Not content to pass that message down to just his daughters, Hagan and Kennedy, he’s spreading the word through mentorships and his Civic Engagement Day program. Since he began representing Ward 5 in 2018, Crear has welcomed more than 250 young constituents to City Hall, given them tours, bought them lunch and let them sit in on meetings. The program’s goal is to give the participants a vision of a better future.

“I always say this, whether I was in office or not, I would still be engaged in my community,” Crear says. “I just have a different platform that I’m able to execute on, which is powerful.”

‘Hard work will always persevere’

The value of hard work was never far from Ronnie Rainwater’s biracial childhood home in Norwalk, California.

He’d watch his white father, also named Ronnie, leave for his job as a hospital cook every day at 3 or 4 a.m., despite his dad being legally blind. His African American mother, Sharon, is legally blind as well.

“I just saw that, in order to support his family, he never really let his handicap get in the way. That’s something that I saw at a very young age.”

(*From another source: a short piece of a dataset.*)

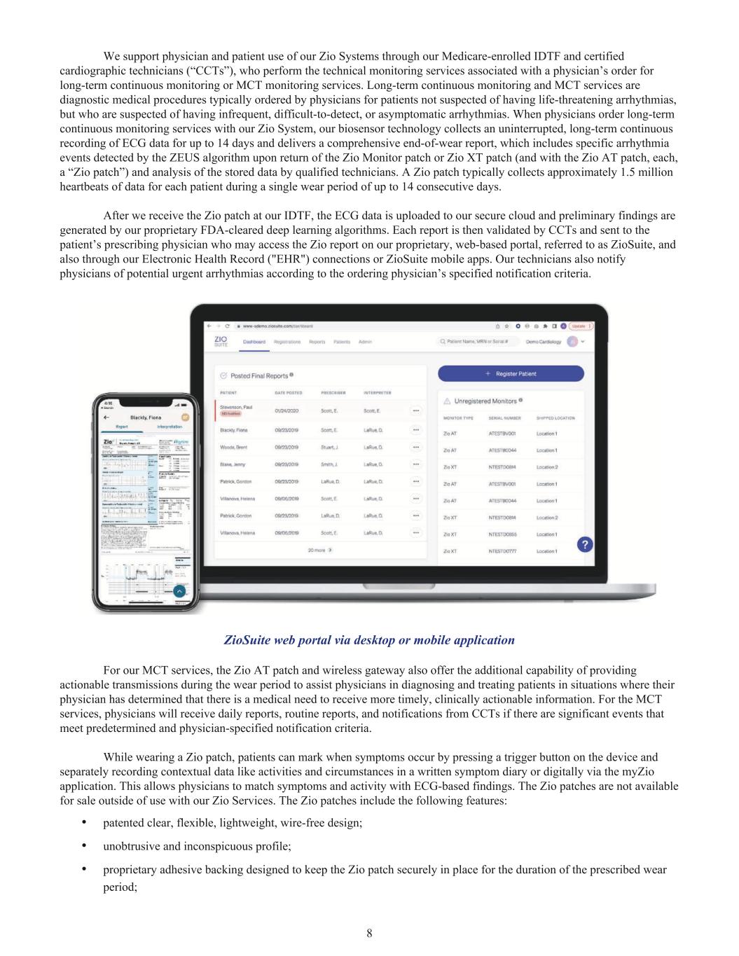 We support physician and patient use of our Zio Systems through our Medicare-enrolled IDTF and certified cardiographic technicians (“CCTs”), who perform the technical monitoring services associated with a physician’s order for long-term continuous monitoring or MCT monitoring services. Long-term continuous monitoring and MCT services are diagnostic medical procedures typically ordered by physicians for patients not suspected of having life-threatening arrhythmias, but who are suspected of having infrequent, difficult-to-detect, or asymptomatic arrhythmias. When physicians order long-term continuous monitoring services with our Zio System, our biosensor technology collects an uninterrupted, long-term continuous recording of ECG data for up to 14 days and delivers a comprehensive end-of-wear report, which includes specific arrhythmia events detected by the ZEUS algorithm upon return of the Zio Monitor patch or Zio XT patch (and with the Zio AT patch, each, a “Zio patch”) and analysis of the stored data by qualified technicians. A Zio patch typically collects approximately 1.5 million heartbeats of data for each patient during a single wear period of up to 14 consecutive days. After we receive the Zio patch at our IDTF, the ECG data is uploaded to our secure cloud and preliminary findings are generated by our proprietary FDA-cleared deep learning algorithms. Each report is then validated by CCTs and sent to the patient’s prescribing physician who may access the Zio report on our proprietary, web-based portal, referred to as ZioSuite, and also through our Electronic Health Record ("EHR") connections or ZioSuite mobile apps. Our technicians also notify physicians of potential urgent arrhythmias according to the ordering physician’s specified notification criteria. ZioSuite web portal via desktop or mobile application For our MCT services, the Zio AT patch and wireless gateway also offer the additional capability of providing actionable transmissions during the wear period to assist physicians in diagnosing and treating patients in situations where their physician has determined that there is a medical need to receive more timely, clinically actionable information. For the MCT services, physicians will receive daily reports, routine reports, and notifications from CCTs if there are significant events that meet predetermined and physician-specified notification criteria. While wearing a Zio patch, patients can mark when symptoms occur by pressing a trigger button on the device and separately recording contextual data like activities and circumstances in a written symptom diary or digitally via the myZio application. This allows physicians to match symptoms and activity with ECG-based findings. The Zio patches are not available for sale outside of use with our Zio Services. The Zio patches include the following features: • patented clear, flexible, lightweight, wire-free design; • unobtrusive and inconspicuous profile; • proprietary adhesive backing designed to keep the Zio patch securely in place for the duration of the prescribed wear period; 8

Rainwater’s first official job, at 16, was as a pot washer in that hospital. After having spent 20 years working his way up the ranks at Delmonico Steakhouse at The Venetian, Rainwater, 44, was recently promoted to director of culinary operations overseeing Emeril Lagasse’s three Las Vegas restaurants.

His actual first job, washing buses for his uncle, who had a contract with the Los Angeles Unified School District, came when he was 13. He’d work 12- to 14-hour shifts because he realized if he wanted nice things, he’d have to pay for them himself.

“I would take my weekends, which, as a 13-year-old kid, were valuable,” Rainwater recalls. “You went to school during the week, and you wanted to hang out on the weekends. So I would sacrifice that and work, because during the week I had the most lunch money and (the best) snack time. I bought my first pair of Air Jordans with that money.”

Rainwater may not have had a Black father, but he’s relying on the lessons he’s learned now that he’s become one himself. His daughter, Riley, is about to turn 16. His son, Regan, just turned 13.

“I’ve tried to instill that in my kids, that regardless of whatever personal challenges or circumstances you have, or limitations you think you have, hard work will always persevere. You may not be the most talented person in the room, but you can outwork a more talented person.”